The dual floating-gate device could also be deployed as a switch in the routers of circuit-switched networks to reduce power consumption while retaining ordinary CMOS performance. One possible structure is similar to that shown in Figure 3 but operates differently: the device stores charge in nonvolatile mode to bring the transistors to a "just off" state, then uses a 50-ns pulse to switch the pass transistor to an on-state or back again. This enables operation of the network in a "just in time" mode wherein circuit paths are set up ahead of when needed and then torn down again when not. F loating-gate devices have great potential for integration within CMOS logic and therefore to function as active circuit elements rather than as pure storage memories. Normally, these devices are not used for logic due to their low write-cycle count, but they can achieve high write-cycle endurance using direct tunneling for programming or metal nanocrystals in the floating gate. Single-gate devices enable low-power switch boxes for FPGAs and low-power ADCs, and have achieved high efficiency in terms of power, area, speed, and functionality compared to traditional architectures. Dual floating-gate devices can be used as a unified memory, permitting combined volatile and nonvolatile storage in the same device. The state can be changed between the two quickly on a row-by-row basis. The device operates very fast in read mode and achieves a refresh period about five times longer than conventional DRAM arrays.
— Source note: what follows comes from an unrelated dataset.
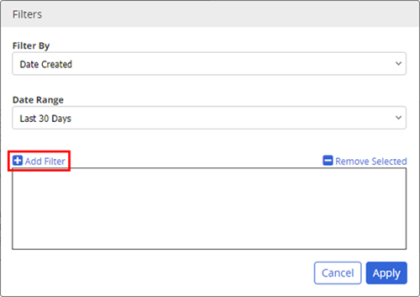 - (Optional) To add one or more date-related filters to narrow a long list of documents, click Add Filter(s), in the Filters dialog box, do any of the following, and then click Apply.
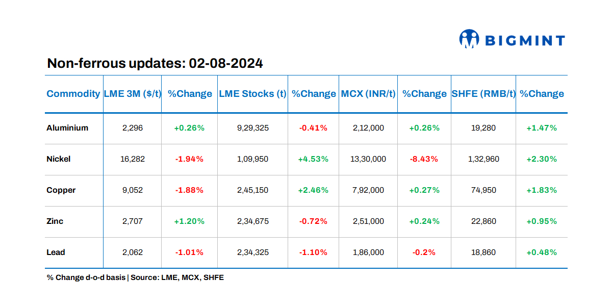 Base metals prices on the London Metal Exchange (LME) showed mixed trends, with zinc witnessing the largest increase of 1.20% and nickel witnessing largest decline of 1.94%. Meanwhile, metal stocks at LME-registered warehouses also showed mix trends. The largest outflow was seen in lead, which fell by 1.10% and significant inflow was seen in nickel, which was up by 4.53%.

Such a memory could enable instant-on computers as well as dramatically impact power consumption and resiliency. It could be placed into partial hibernate states so that when the computer is in a low activity state, which is most of the time, its power consumption would be more proportional to its activity. Checkpoints could be taken very quickly, either on a regular schedule or when powering down. The device also could be implemented in a circuit-switched network on chip.